Savage Salvation is a 2022 American action thriller film directed by Randall Emmett and starring Jack Huston, Robert De Niro and John Malkovich.

==Plot==
After losing his fiancee to a heroin overdose, a rehabilitated addict seeks revenge against the drug cartel while hot on his heels is a sympathetic sheriff.

==Cast==
- Jack Huston as Shelby John
- Robert De Niro as Sheriff Mike Church
- John Malkovich as Peter
- Willa Fitzgerald as Ruby Red
- Quavo as Coyote
- Meadow Williams as Detective Zeppelin
- Dale Dickey as Greta
- Swen Temmel as Elvis Kincaid
- Noel Gugliemi as Silas
- Jon Orsini as Skeeter
- Clay Wilcox as Darius
- Winter Ave Zoli as Darlene

==Production==
On September 8, 2020, it was announced that De Niro, Malkovich and Machine Gun Kelly were cast in the film, then titled Wash Me in the River.
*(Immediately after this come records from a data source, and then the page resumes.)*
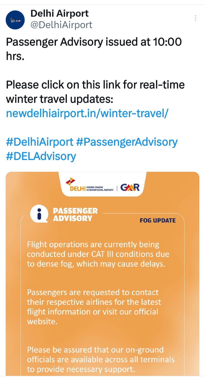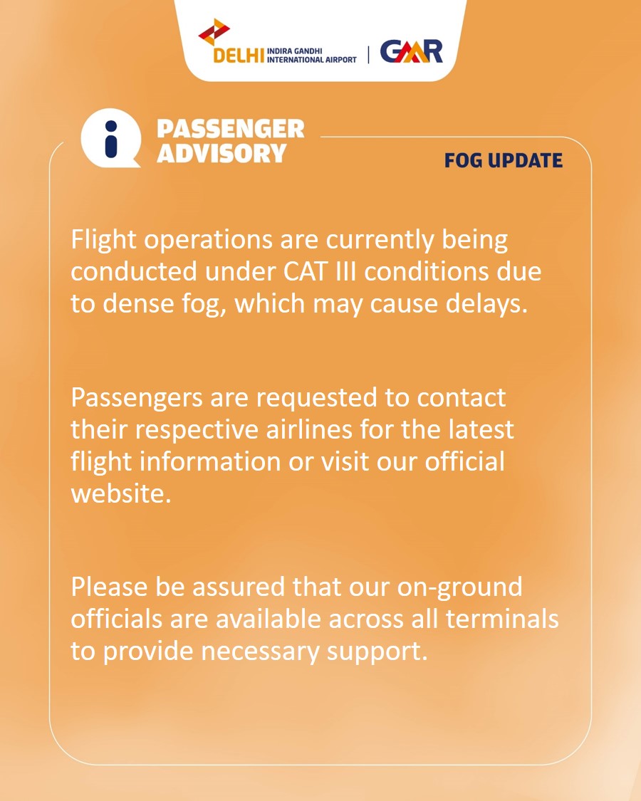 दिल्ली एयरपोर्ट ने सोशल मीडिया प्लेटफॉर्म एक्स पर यात्रियों से अपील की है कि वे अपनी फ्लाइट से जुड़ी ताजा जानकारी के लिए संबंधित एयरलाइंस से संपर्क करें या आधिकारिक वेबसाइट देखें। एयरपोर्ट प्रशासन ने यह भी भरोसा दिलाया है कि यात्रियों की सहायता के लिए सभी टर्मिनलों पर ग्राउंड स्टाफ तैनात है।।
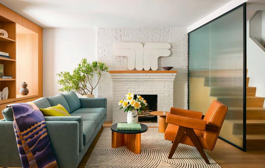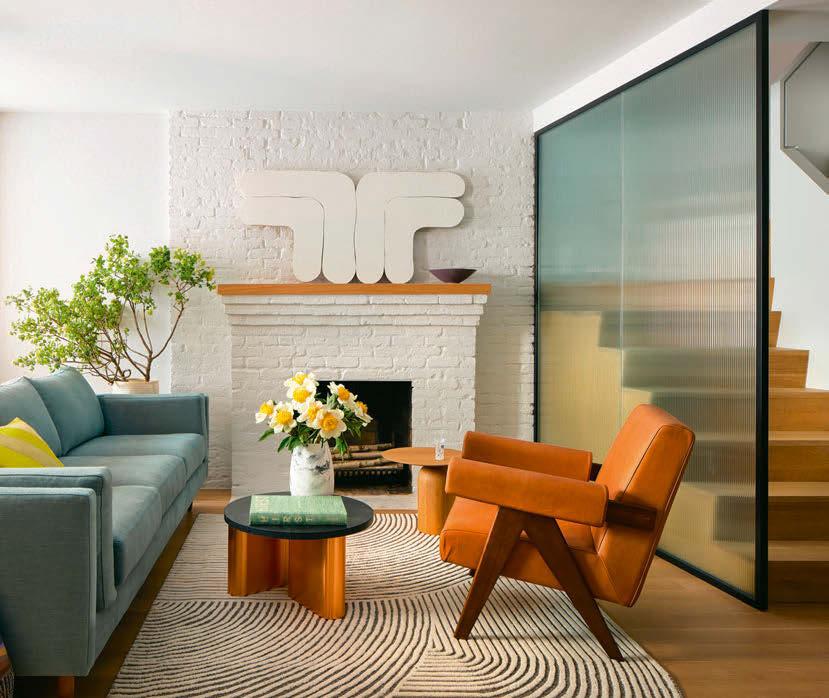 Ess- und Wohnzimmer unterteilt ein schwebendes Regal. So büßt der Raum nichts von seiner Leichtigkeit ein.
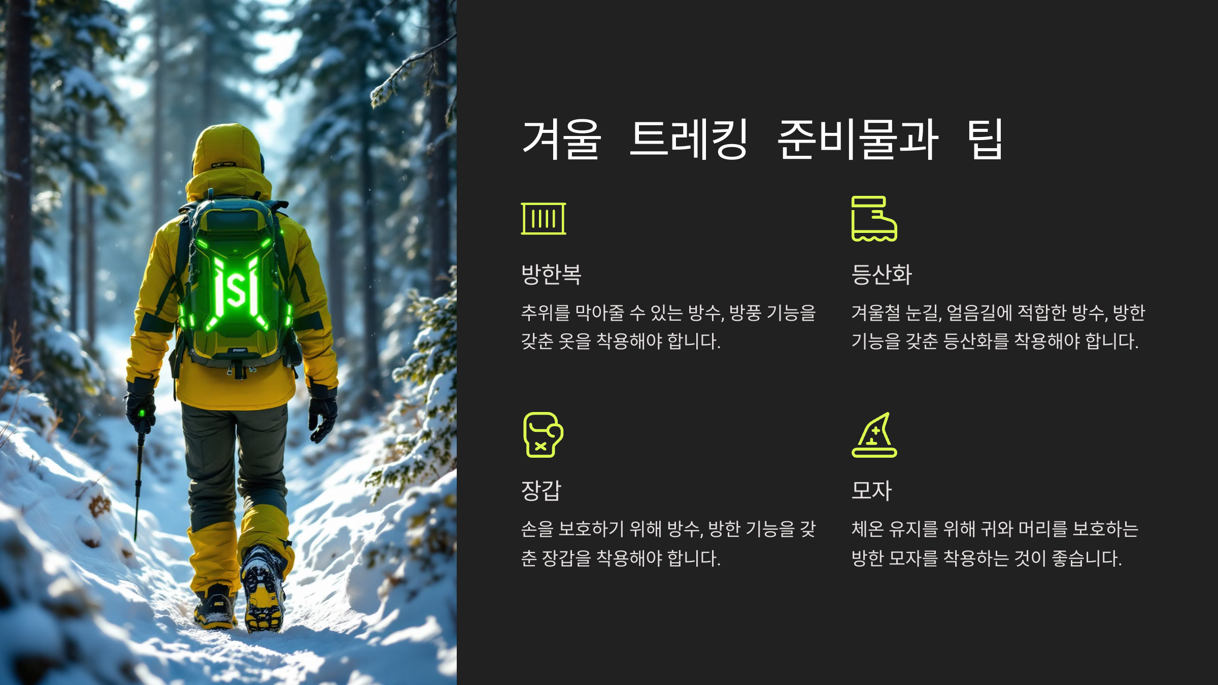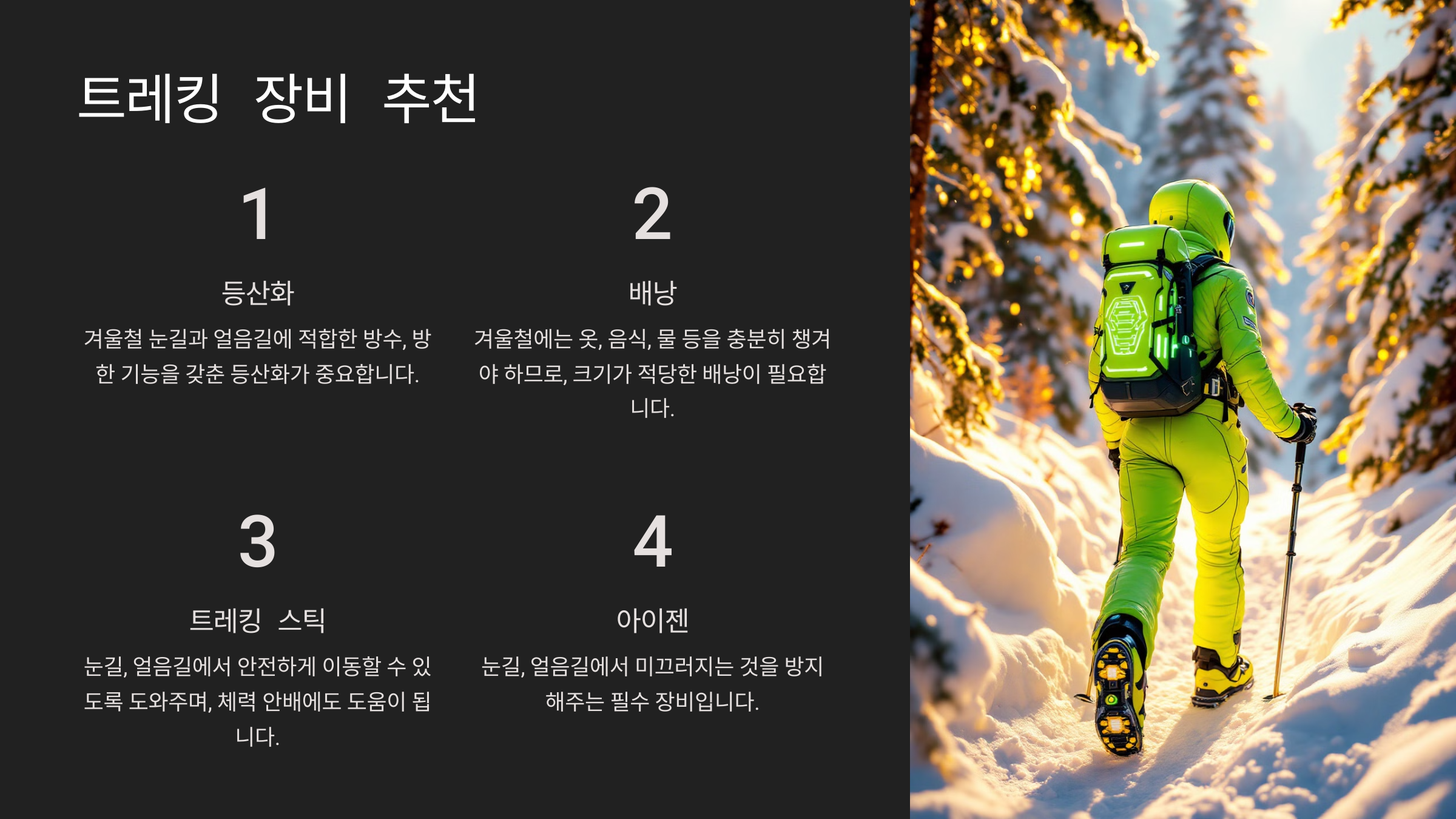 다만 겨울철에는 낮은 기온과 예상치 못한 날씨 변화 때문에 철저한 준비가 필요해요. 적절한 의복, 장비, 그리고 안전 수칙을 숙지하면 보다 즐겁고 안전한 겨울 트레킹을 즐길 수 있답니다. 지금부터 국내외 인기 코스와 꿀팁을 소개할게요!
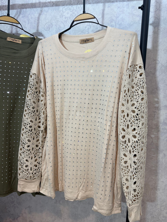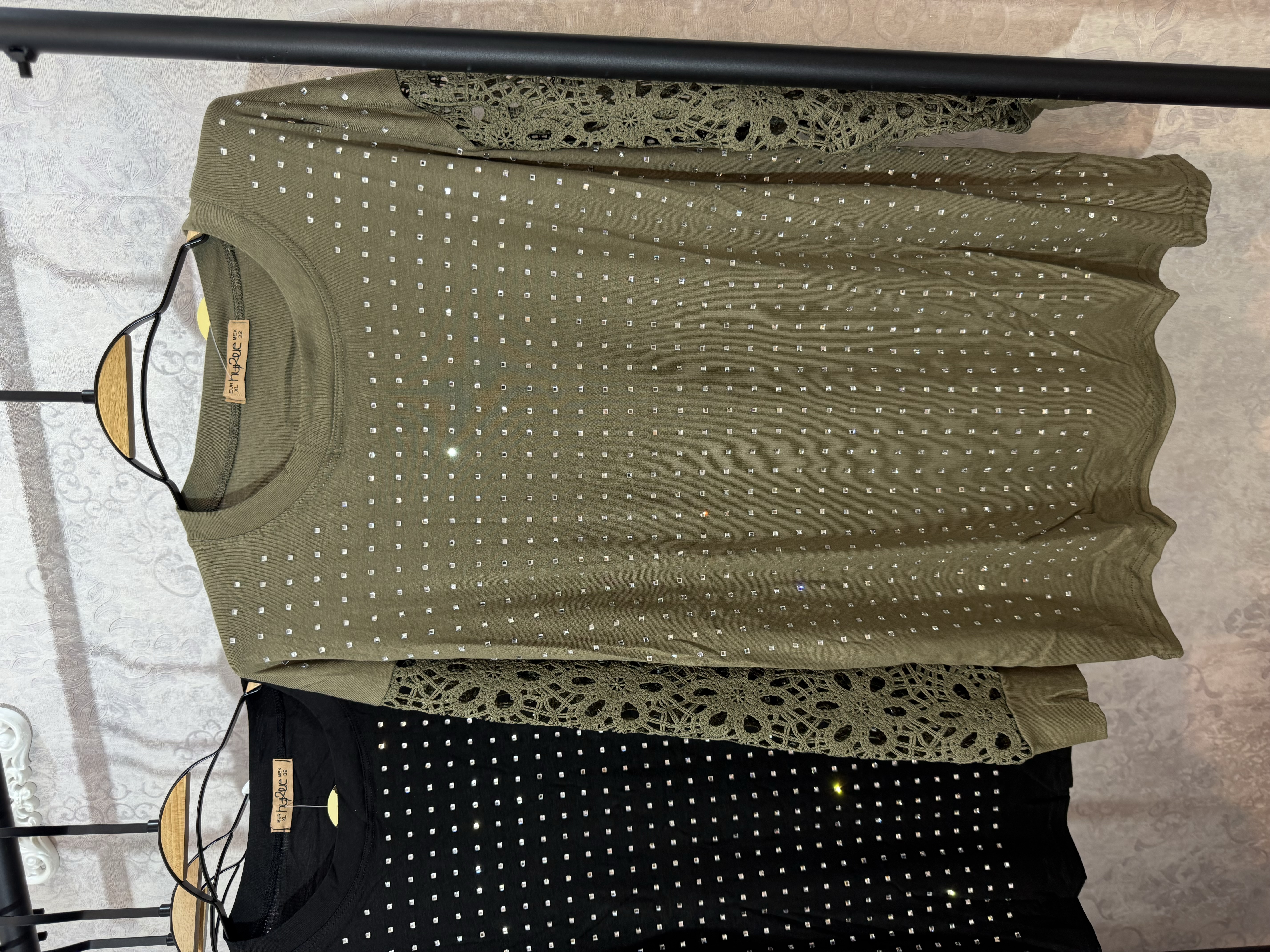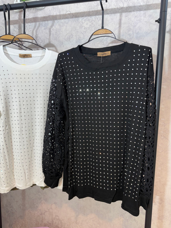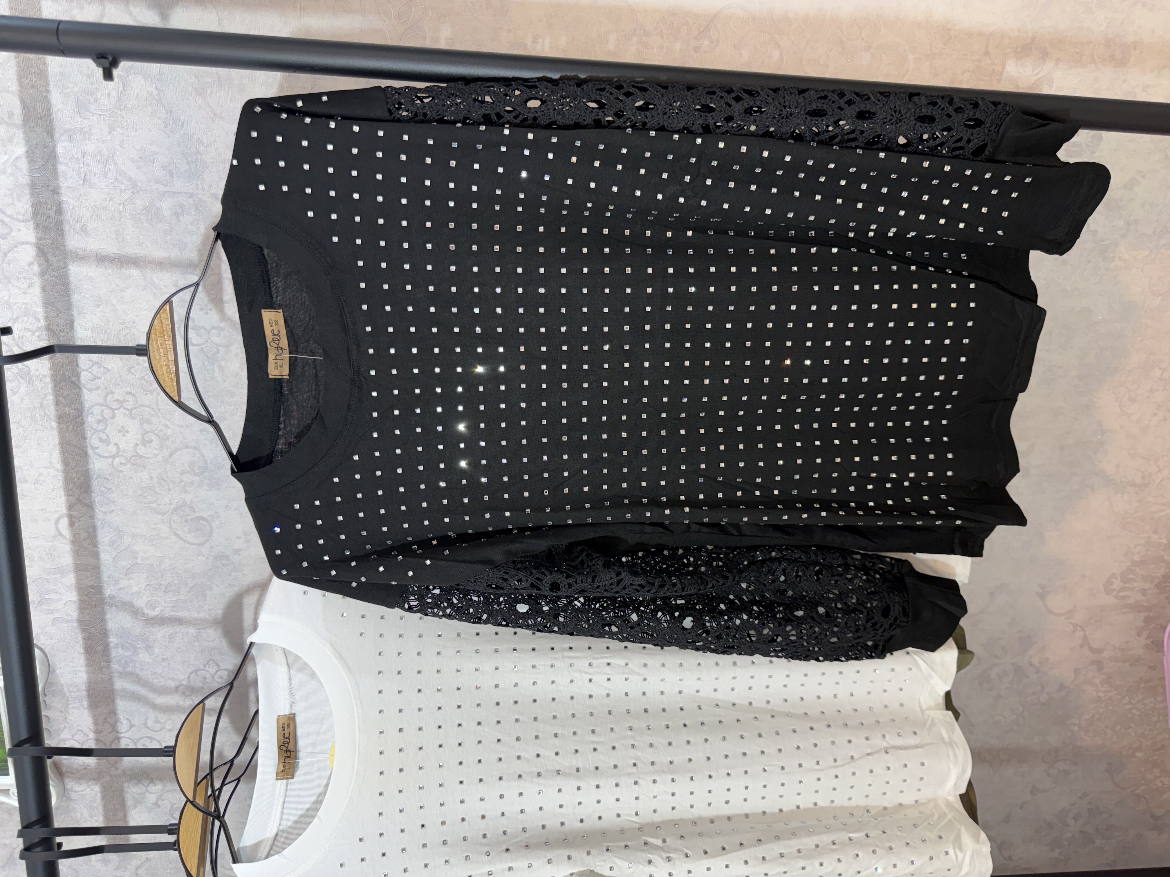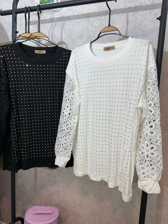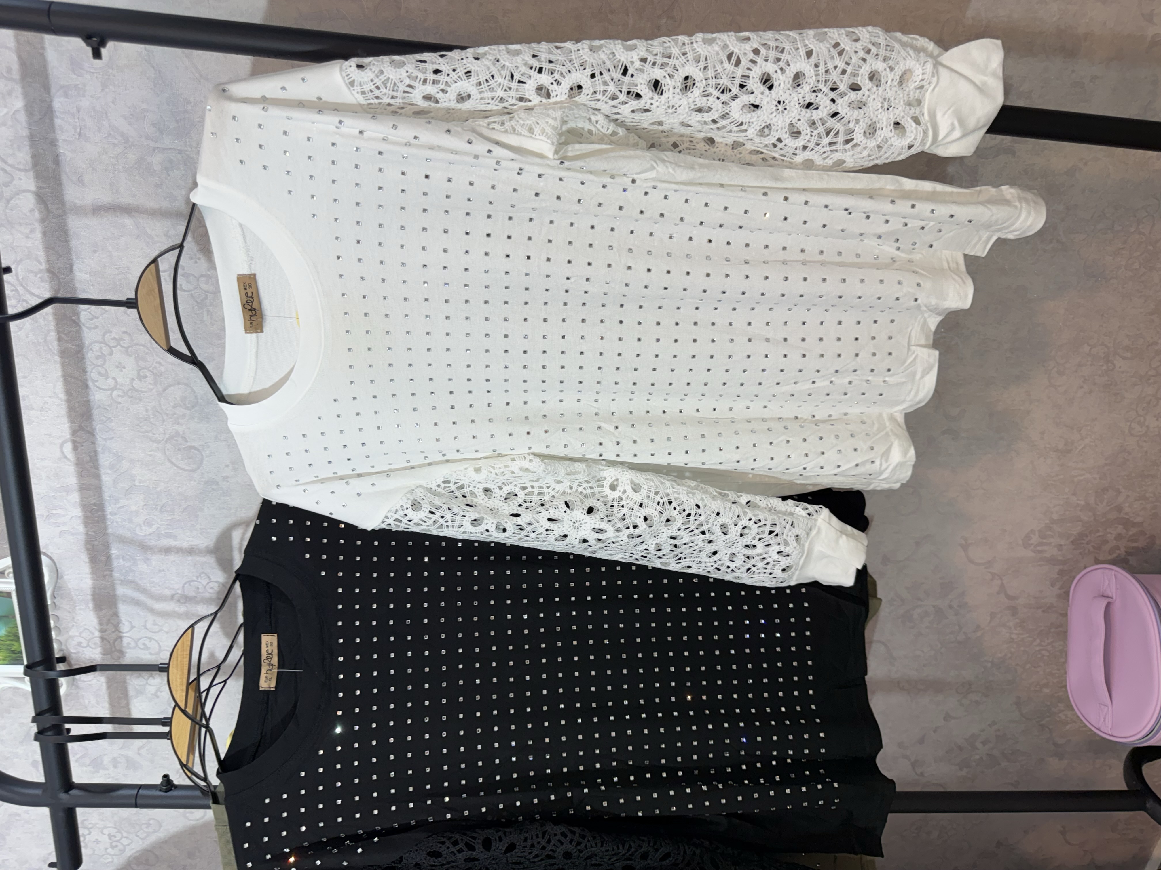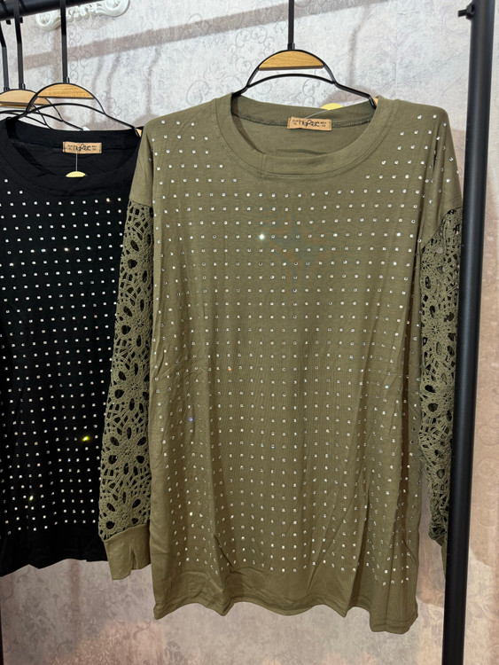 بلوز مجلسی خال خالی آستین بلند گیپور فری سایز تا ۵۰

On October 19, 2020, it was announced that Taylor Kitsch had replaced Machine Gun Kelly after the latter dropped out due to scheduling conflicts. On November 13, 2020, it was announced that Jack Huston had replaced Kitsch. Production on the film began in November 2020. Malkovich filmed his scenes in December 2020. Filming officially wrapped in January 2021, and the following month, it was announced that Quavo and Willa Fitzgerald would star in the film.

==Release==
In March 2021, The Avenue Entertainment acquired North American distribution rights to the film. It was retitled Savage Salvation, and released on December 2, 2022.

===Box office===
As of May 7, 2024, Savage Salvation grossed $132,152 in Portugal, the Netherlands, South Korea, and Spain, plus $749,679 in home video sales.